Wednesday, April 11, 2007

Server Update

I have made great progress over the last couple of days. I've worked my way through a host of self inflected problems and a significant number of security related issues. I've made more progress in the last two days than in the three previous weeks.

Every required software module is now installed and more importantly working! The next set of tasks is to restore my old posts in a real publishing environment rather than the fake one that anyone who has tried to visit my only site may have encountered. Some of those old posts may look OK but they cannot be changed, commented upon or added to. And of course, there's no home page. I'm working to fix all that on a development site on my new server that I can see even if you can't. There will be times over the next couple of days that my old site, such as it is, will be down for any where from a few minutes to an hour or two. I'll try to keep things as alive as I can. Also, blogging may be even slower than it has been over the last couple of weeks. Of course, if the world ends, I will have something to say about it.

My new goal (and I think it is doable) is to have the new server with the old site's look and feel (and content) ready to go live over the weekend. There are still tons of details but they are only details or at least I think they are. It's amazing how many different little things I used on the old site. For example, a Perl script drove the random Mark Twain quotes from a list of quotes in a text file and my random post feature used a special plug-in. And then there's the matter of the blog roll. Well, you get the idea. But having a stable, working, publishing platform is a great start. I just wish I had had it two or three weeks ago.

Tuesday, April 10, 2007

Convocation of Job Session IV

This is the fourth in my series on the Convocation on Job. You can find a link list to the various posts in the series with my report on the first session. This session featured a paper by George Pixley. Pixley, now Professor Emeritus of Old Testament at the Evangelical Seminary of Puerto Rico, spent his academic career in Latin America and most of his scholarly publications, including a commentary on Job are in Spanish. Tom Trotter presided over this session.

Pixley's paper was titled "A Credible Reading." His paper presented a reading of the book that he claimed is one of "several possible but differing and contradictory readings." In the single reference to Loren Fisher's proposals, he told us that his reading "does not exclude the possibility that a book contains the combination of two different book . . . but if a coherent reading of the whole can be made that will certainly be preferable to supposing a division in the book." I bite my tongue for now.

Pixley seeks a reading that is relevant to the pastoral task. He sees the book as a drama. There are two levels. On the "higher" level, the players are God and the accuser (the Satan). On the "lower" level, the players are Job, his wife, friends and "an upstart intruder (Elihu)." The lower lever players cannot see the higher level action.

One of the more interesting sections of his paper likens Job's fate to the "disappeared" of Latin America during military dictatorships in Chile, Argentina, Brazil and Uruguay.

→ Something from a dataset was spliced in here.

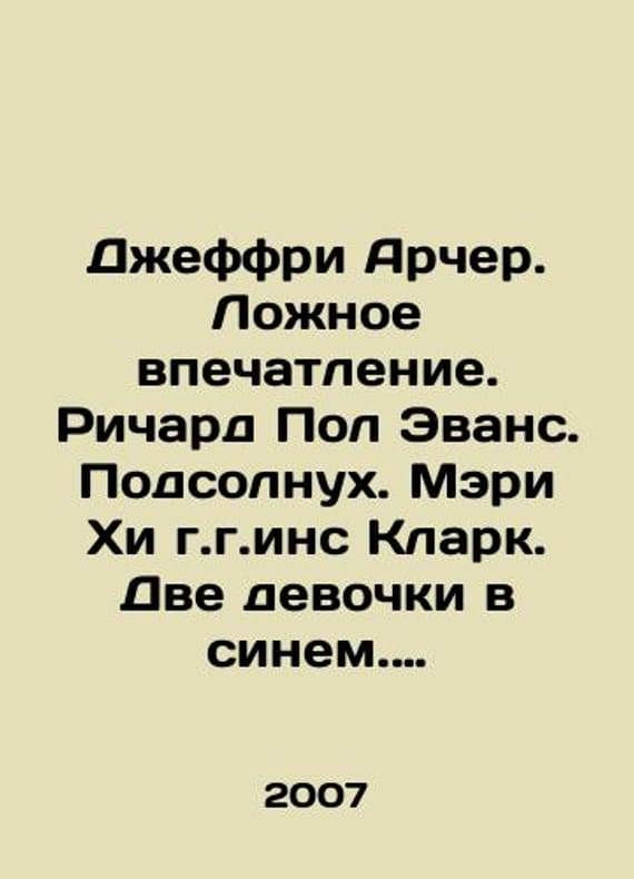 Jeffrey Archer. False impression. Richard Paul Evans. Sunflower. Mary Hee, Ince Clark. Two Girls in Blue. John Grogan. Marley and I. In Russian /Dzheffri Archer. Lozhnoe vpechatlenie. Richard Pol Evans. Podsolnukh. Meri Khi g.g.ins Klark. Dve devochki v sinem. Dzhon Grogan. Marli i ya. Readers Digest. Selected Novels. Moscow. Readers Digest Publishing House. 2007. 576 p. We have thousands of titles and often several copies of each title may be available. Please feel free to contact us for a detailed description of the copies available. SKUalbcd8580e539ea03d3.

I will quote Pixley's conclusion at length,

Job is convinced: "I have uttered what I did not understand” (42:3). Henceforth, he will cease and desist. Somewhat overdramatically he says, “Therefore I will reject (what?) and repent (of what?)" My suggestion is that Job is now convinced that, although he was always right about his innocence, it makes no sense to pursue the issue. He repents of his insistence on a trial and rejects his public pressures on God. God’s private confessions have convinced him that in the final account God is on the side of the right and the good and that it is necessary to accept the ambiguities of creation and the rule of the creator.

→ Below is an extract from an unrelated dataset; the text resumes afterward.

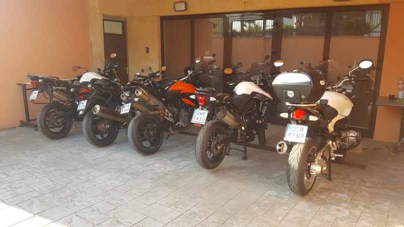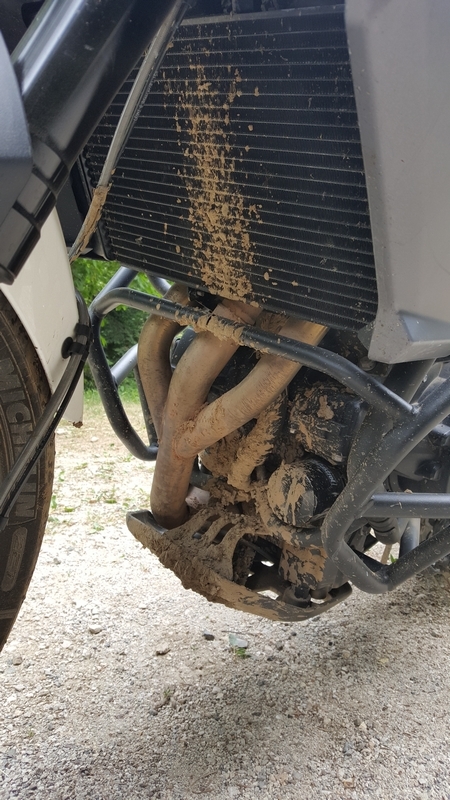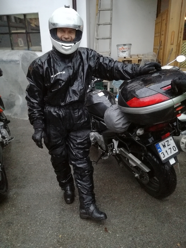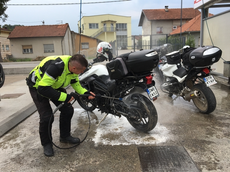 I nawet jest parking z kranem, myjemy siebie i troche moto

Job is satisfied but God is not. There is still the issue of Job’s friends with which to deal. So God speaks to Eliphaz, "My wrath is kindled against you and your two friends, for you have not spoken of what is right, as my servant Job has" (42:7). Now this is a public confession on God’s part, at least to these three men. Job was right when he accused God of pursuing him without cause, and the three friends were wrong in suspecting great sins on his part, thus falsely accusing him and betraying their friendship. So Job does get some satisfaction for his demands, after all, after he desisted in maintaining his insistence.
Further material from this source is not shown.